I BEGAN this review by describing Jack O'Connell as THE rising star of British cinema, before realising that, after witnessing his latest accomplished performance, his stock has already bubbled over.

In Belfast-set military thriller 71, O'Connell plays a young soldier lost in the mayhem of the Troubles-torn capital, separated from his unit and hunted by murderous Provisional IRA gunmen.

As recent recruit Private Gary Hook, his uniform as green as his experience, he has been sent along with the rest of his ill-prepared Army unit as an emergency response to the bloody conflict.

When assisting a vicious house raid by the RUC on the nationalist Falls Road, a riot ignites, soldiers driven back by a barrage of bricks and vitriol, with Hook left on the wrong side of a wall of protestors.

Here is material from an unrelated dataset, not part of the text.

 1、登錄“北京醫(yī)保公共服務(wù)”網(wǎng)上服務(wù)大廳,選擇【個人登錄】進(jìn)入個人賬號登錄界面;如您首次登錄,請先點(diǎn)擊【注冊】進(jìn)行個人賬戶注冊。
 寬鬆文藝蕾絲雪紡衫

The enthralling set piece results in a savage mob-handed beating for the Derby lad he somehow manages to escape, fleeing into a maze of crumbling houses and burning cars.

1971 is the year internment was brought back into Northern Ireland, but 71 does not seek to score political points, or ask the audience to take sides.

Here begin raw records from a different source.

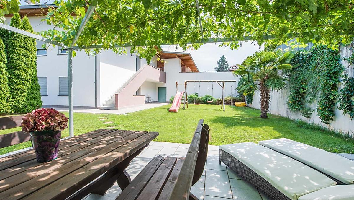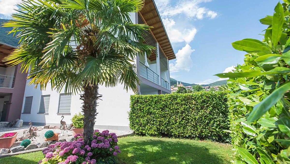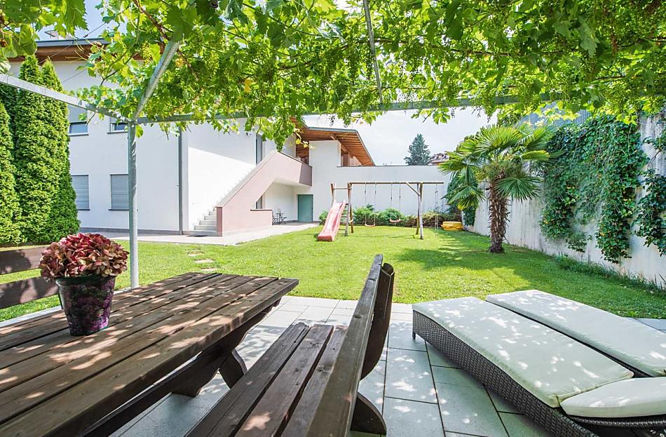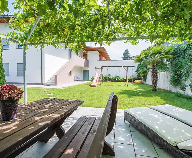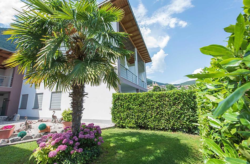 Neu erbauter, moderner Obstbauernhof im Süden Südtirols mit sonnigen Ferienwohnungen und schönem Panoramablick über die Obst- und Weinlandschaft sowie auf die Dolomiten.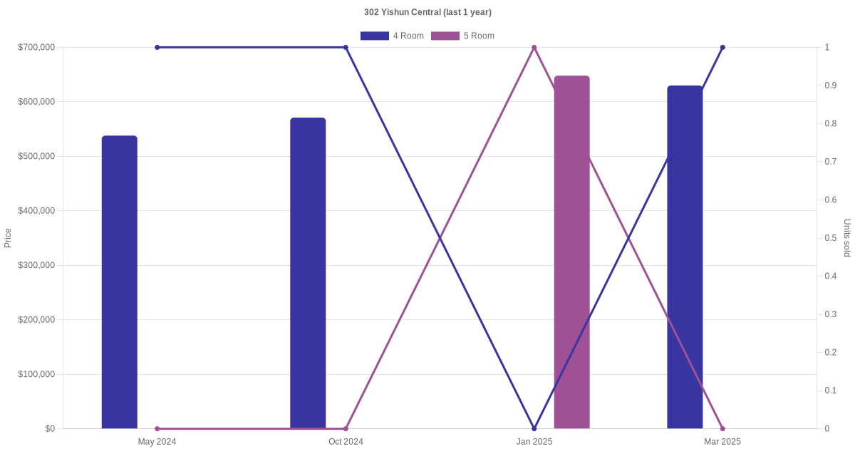 Below is a quick summary of the resale transactions volume and average price trends for the 4 room and 5 room units at 302 Yishun Central.
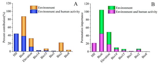 The contribution rate (A) and importance rate (B) of environmental variables in the MaxEnt model.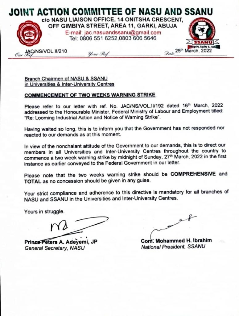 The Joint Action Committee of the Non-Academic Staff Union and the Senior Staff Association of Nigerian Universities has announced the commencement of two weeks warning strike.

At once, everyone is going for the jugular, whether that be Original IRA vs Provisional IRA, the Army's undercover operatives vs over-matched junior officers, or nationalists vs loyalists.

Battle lines are drawn on both sides, the overriding reaction a compelling sense squaddies like Hook, desperately young and naive, were hopelessly inadequate in attempting to quell the maelstrom.

That is reinforced by our view through the eyes of Cook, muscular and almost mute.

His vulnerability echoes as he waits for night to fall behind enemy lines, or in a later conversation about David Bowie as he lies bleeding in bed.

A chance meeting with a child loyalist footsoldier, a stark reminder of the generational nature of the Troubles with hatred passed from father to son, sees Cook asked if he is Protestant or Catholic.

His reply of 'I don't know' encompasses Cook's dilemma, buried in a conflict he doesn't understand, running from hunters of whom he cannot fathom their hate.

When night falls anxiety rises, gloomy, dank streets lit by murky streetlights, alien to Cook and also, in a way, alien to the viewer.

While 71 was shot in Sheffield, Liverpool and Blackburn, the fictional landscape created is at once familiar and post-apocalyptic, a wasteland that could be envisaged in a dying dystopian world of the future.

Known for gritty TV drama Top Boy, Yann Demange directs in his first big screen feature, with emphasis placed skilfully on the plight of Cook's perilous position.

As alliance and betrayal meet in a climatic gun battle, perhaps the only part of the film that feels overdone, his fate hangs in the balance.

O'Connell delivers his usual brilliance, a toughness honed in prison drama Starred Up accentuated by the vulnerability that draws empathy.

In the end, any loyalty you're asked to fine amid the complex backdrop is only with him.